However, as we have been documenting, Saudi Arabia today is much like France of the 17th century. The ruling class does not care about its people at all, and their extravagant and open flouting of all the tenets of Islam fuels the rage of the commoners, many of whom are very poor and forced to abide by strict tenets of Islamic law or face severe punishments. Saudi Arabia’s historical enemy going back to pre-Islamic times, Iran, is growing in power and has cultivated deep economic and friendly political ties with all of Saudi Arabia’s neighbors in Bahrain, Qatar, the UAE, Syria, Jordan, and even her other historical nemesis, Turkey. While not a major world power, Iran is a regional power who if not liked, at least has the respect of many of her neighbors and beneficial economic ties with them. The cooperation between Iran and Turkey in light of the situation with Saudi Arabia and the calls for a resurrection of Ottoman civilization as expressed by Erdogan is the sign of an Islamic uprising that historically takes place every few centuries throughout the Muslim world and at this point is overdue for another one. As long as Turkey shows respect to the Shiites, which they have shown they will so far, the Aryo-Ottoman union poses a grave threat to Saudi Arabia.
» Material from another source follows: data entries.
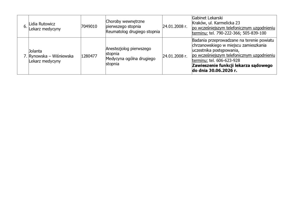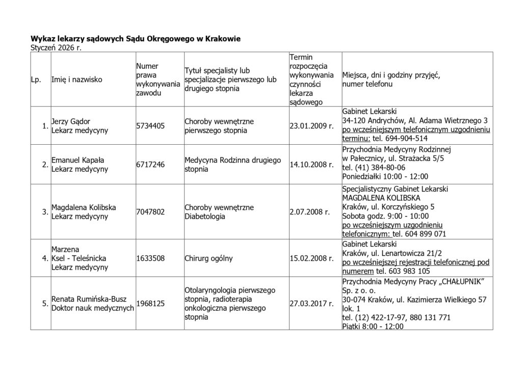 Wykaz lekarzy sądowych Sądu Okręgowego w Krakowie
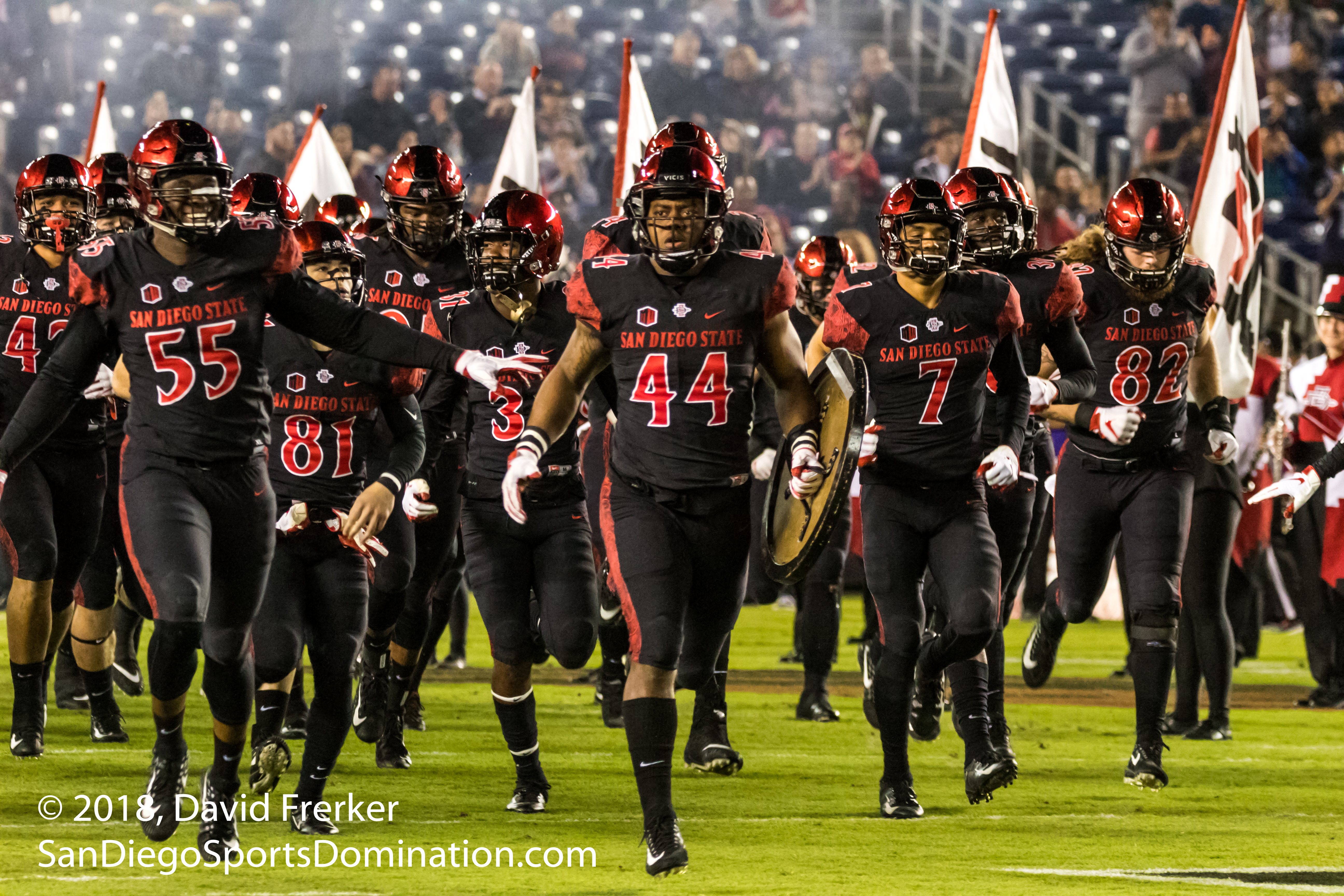 We have the pleasure of photographing the Marching Aztecs. Our goal is to make highlight videos for all of the games. Around the videos we also take a ton of photos. We have been asked to share our photos online by our fans. We hope you like all of the images. Images are by David Frerker. Also included is a short 1 minute video following the drumline and the band around to warrior walk and tailgate stop.
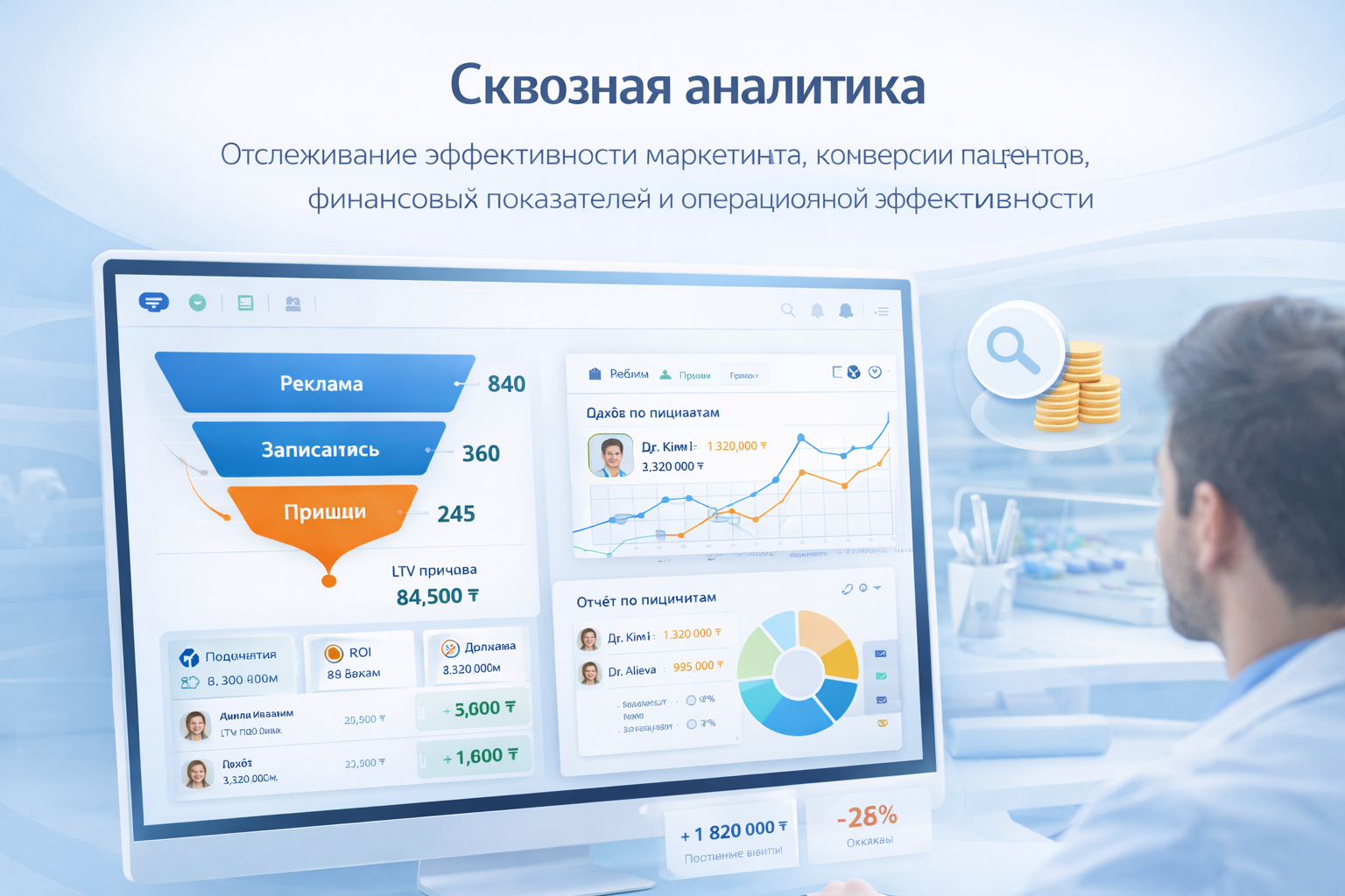 Отслеживание эффективности маркетинга, конверсии пациентов, финансовых показателей и операционной эффективности
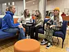Ingeborg Senneset (til høyre) tok en god samtale med ungdomsskoleelevene Elise Skjefstad-Nilsen, Adine Juliana Moen og Iselin Bjerke Nybøle etter foredraget i auditoriet. I sofaen finner vi også Sennesets bullterrier Lucky, som er vant med å være med på scenen.
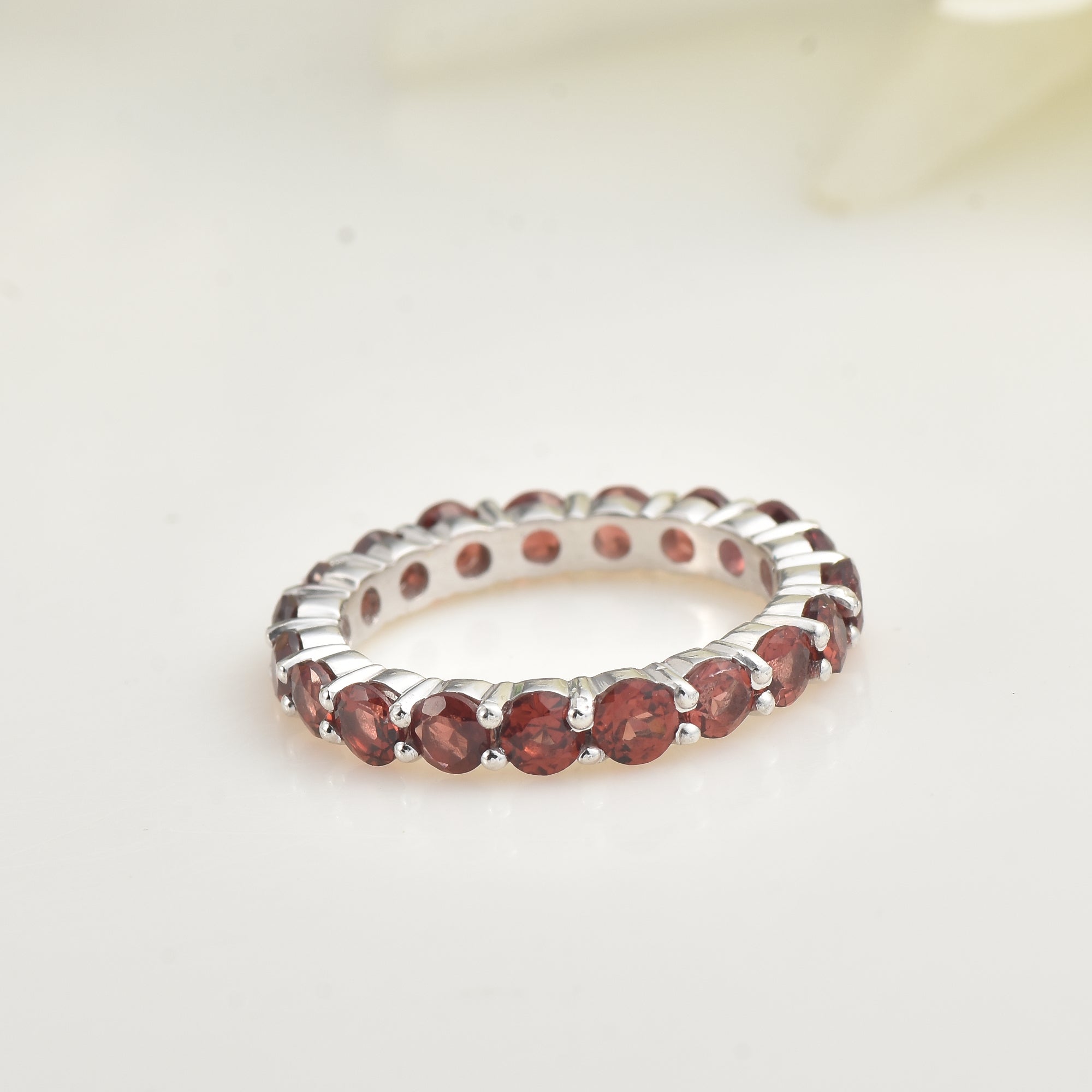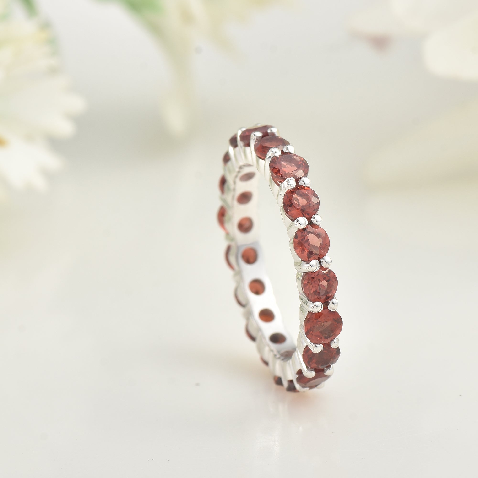 3.00 Carat Round Garnet Full Eternity Band Ring 925 Sterling Silver
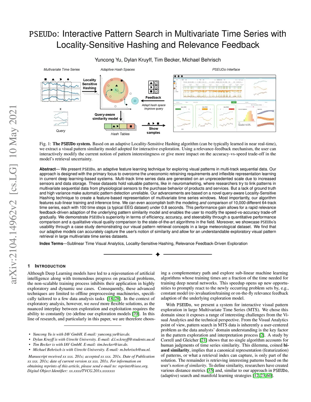 We present PSEUDo, an adaptive feature learning technique for exploring visual patterns in multi-track sequential data. Our approach is designed with the primary focus to overcome the uneconomic retraining requirements and inflexible representation learning in current deep learning-based systems. Multi-track time series data are generated on an unprecedented scale due to increased sensors and data storage. These datasets hold valuable patterns, like in neuromarketing, where researchers try to link patterns in multivariate sequential data from physiological sensors to the purchase behavior of products and services. But a lack of ground truth and high variance make automatic pattern detection unreliable. Our advancements are based on a novel query-aware locality-sensitive hashing technique to create a feature-based representation of multivariate time series windows. Most importantly, our algorithm features sub-linear training and inference time. We can even accomplish both the modeling and comparison of 10,000 different 64-track time series, each with 100 time steps (a typical EEG dataset) under 0.8 seconds. This performance gain allows for a rapid relevance feedback-driven adaption of the underlying pattern similarity model and enables the user to modify the speed-vs-accuracy trade-off gradually. We demonstrate superiority of PSEUDo in terms of efficiency, accuracy, and steerability through a quantitative performance comparison and a qualitative visual quality comparison to the state-of-the-art algorithms in the field. Moreover, we showcase the usability of PSEUDo through a case study demonstrating our visual pattern retrieval concepts in a large meteorological dataset. We find that our adaptive models can accurately capture the user's notion of similarity and allow for an understandable exploratory visual pattern retrieval in large multivariate time series datasets.

The situation of the USA in this conflict, while appearing to be negative, is actually not as bad as one would think. It is well known that America is the proverbial “crack whore” who walks the alleys of the Middle East- she will go with anybody so long as she can get her fix of cheap oil. Turkey and Iran surely know this, and in spite of America’s militaristic talk towards Iran, they are not going to attack Iran so long as the Iranians are being backed by Russia and now are allied with another current (albeit tenuous) American ally in Turkey and most importantly, through Turkey’s close historical ally in Germany. This likewise explains the situation with ISIS in Syria and how both the USA and Turkey were supporting ISIS- ultimately, America is going to ally with whoever guarantees her access to oil at a good price, and she does not care who dies or what is destroyed in the process.
Israel is a historical US ally, and as has been pointed out has been very influential in the formation of US policy in the Middle East. They are also allied to Saudi Arabia, and as many have pointed out, the Israelis openly admit they helped to fund ISIS and all of the horrors they committed in Iraq and Syria for the same policy goals as part of the same geopolitical conflict with the Russian and other regional powers.
The problem that Israel now has is that the conflict in Syria is basically at an end. The US backed forces of ISIS are essentially defeated because the goal of destabilizing the Middle East to cause the manufactured “refugee crisis” to lead to the rise of nationalism has been accomplished. Turkey has emerged stronger than ever and closer to her German ally, which as we have documented both are using the manufactured “crisis” to bolster their own political and social positions. Russia has come out as Syria’s ally and is now viewed as a stronger power in the region, and while they are enemies of Turkey they are not going to interfere in Iran’s affairs because they do not want or need a conflict with Iran and Turkey at the same time. The USA, while having spent a considerable amount of money, simply will just reallocate its resources in the region, restructure its alliances, and continue about as it has before.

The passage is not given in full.